11.18. Gout-Related Agents Allopurinol Benzbromarone Colchicine Sulfinpyrazone 11.19. Thyroid Agents 11.19.1. Thyroid Hormones Thyroxine 11.19.2. Antithyroid Drugs Methimazole Propylthiouracil 11.19.3. Iodine Products Lugol's solution 11.20. Posterior Pituitary Hormones Desmopressin Vasopressin 11.21. Calcitonin-Salmon Calcitonin 12. NEUROLOGYS 12.1 Anticonvulsants Carbamazepine Clonazepam Diazepam Levetiracetam Oxcarbazepin Phenytoin Diphenylhydantoin ; Phenobarbital Valproic acid 12.2. Adjuvant Anticonvulsants Gabapentin Lamotrigind Topiramate Vigabatrin 12.3. Skeletal Muscle Relaxants Baclofen Methocarbamol Tizanidine 12.4. Migraines and levothyroxine.
| Lamotrigine 200 mgWhile i'm not uncomfortable right now, i don't like the idea of taking a pill every day for the rest of my life.
See 64 FR 42873, 42874 "During litigation of many cases related to the 180-day exclusivity, the parties and courts have recognized the potential for the 180-day exclusivity process to substantially delay the entry of competitive generic drug products into the market.
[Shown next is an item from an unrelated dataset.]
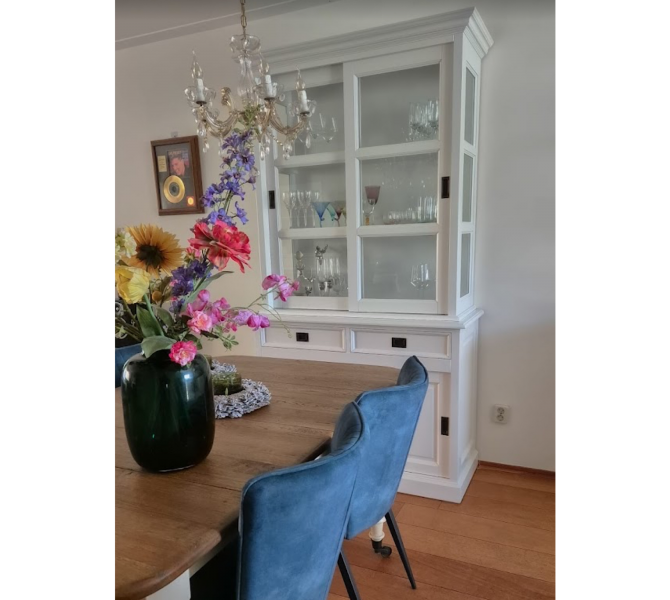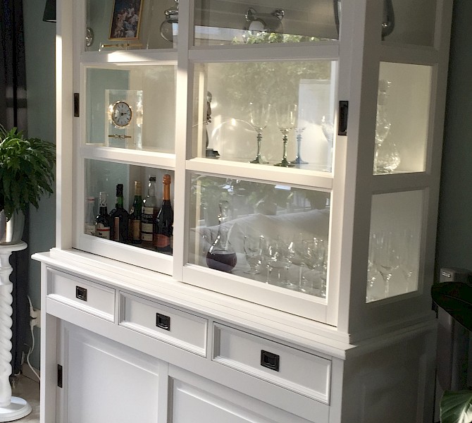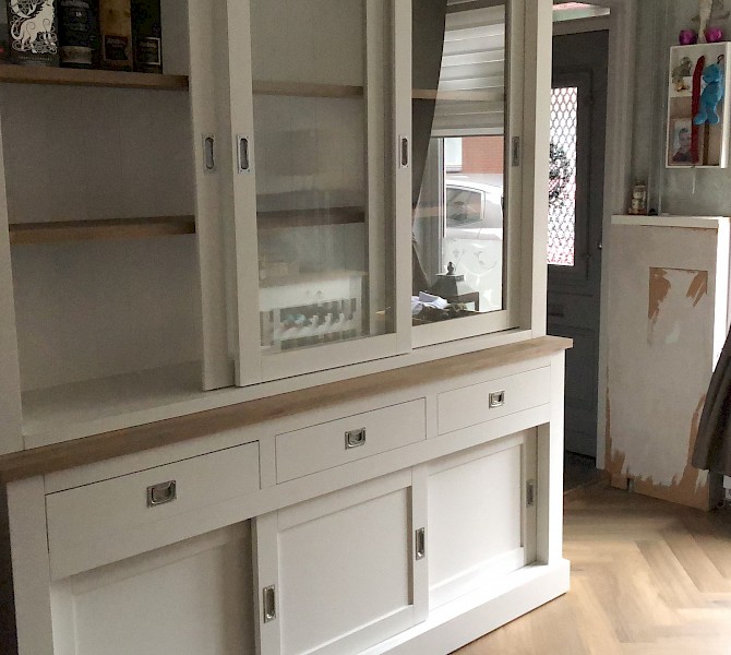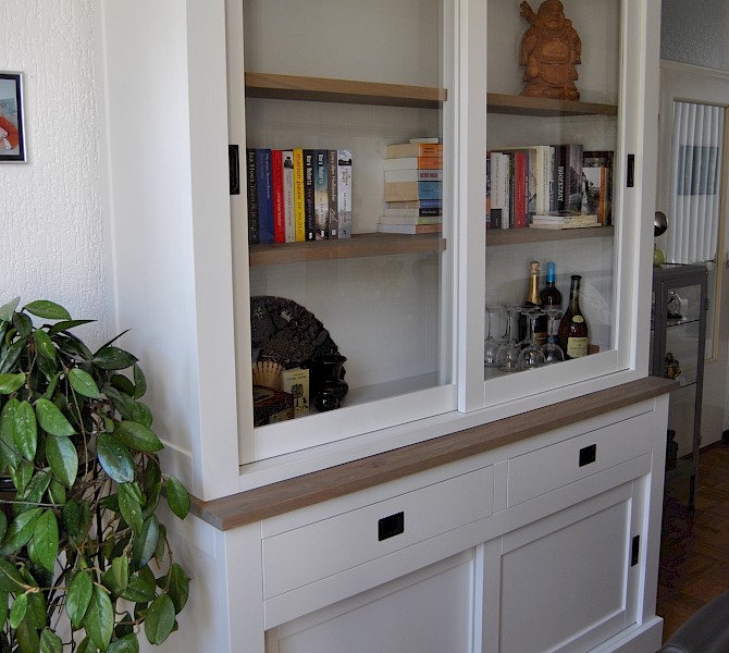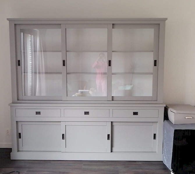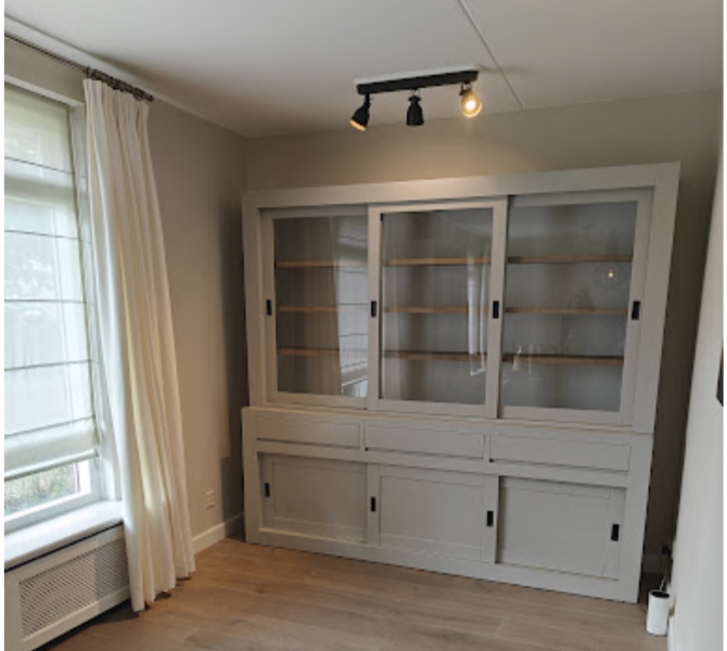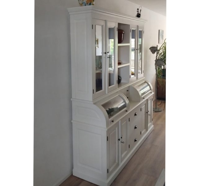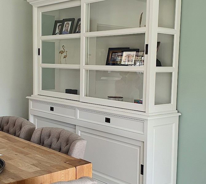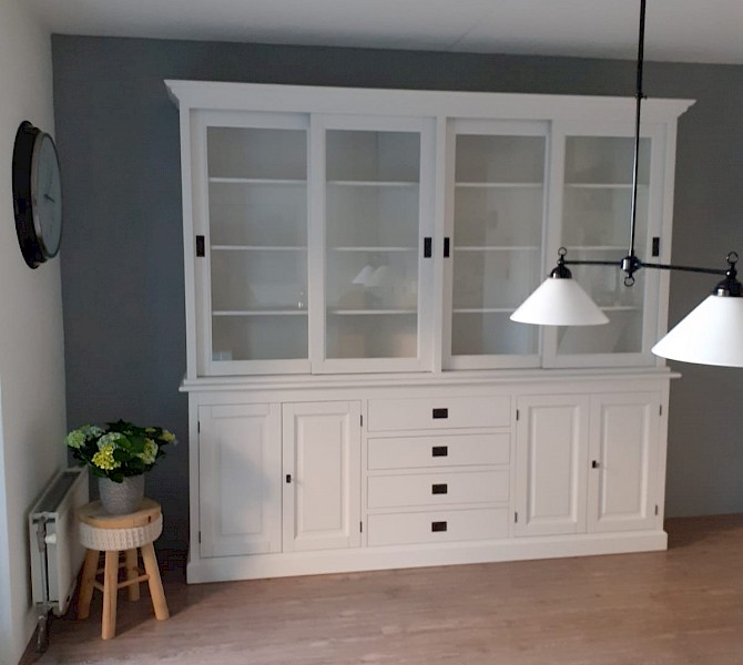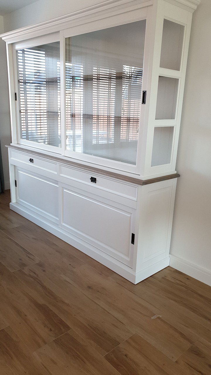 Perfecte service en goede kwaliteit. Toen de vitrinekast geleverd werd viel het bestaande dressoir in het niets. Met de maten van het oude dressoir is een nieuwe dressoir op maat gemaakt en past alles weer bij elkaar.

This situation can occur when the marketing of any subsequent generic drug product is contingent upon the occurrence of an event that is within the first ANDA applicant 's control." ; . David A. Balto, Pharmaceutical Patent Settlements: The Antitrust Risks , 55 Food & Drug L. J. 321, 332 2000 ; "[T]he first generic firm to challenge a patent holder is the only generic firm that can enter; until it enters, no other generic firm can enter the market." ; . Ibid and lithobid, for instance, lamotrigine long term.
Information about diabetes research with an open house, from 5-8 p.m. on the fifth floor at the UHC Campus. The theme of the event, which will include presentations by William Cefalu, M.D., Jack Leahy, M.D., Jorge Calles-Escandon, M.D., and Xiao-Jian Sun, Ph.D., is "Diabetes Care in the 21st Century." Free and open to the public, the open house will include drawings and free giveaways, snacks, and exhibits and resources about nutrition, medications, and diabetes care equipment, such as insulin delivery systems, and blood glucose monitors. The physicians presenting information on current diabetes-related research will take place from 6-7 p.m. Individuals attending the event who are interested in participating in clinical studies will be able to discuss this with providers and research coordinators from 5-8 p.m. For further information on the Diabetes Open House, contact Meg Costello at 8478847.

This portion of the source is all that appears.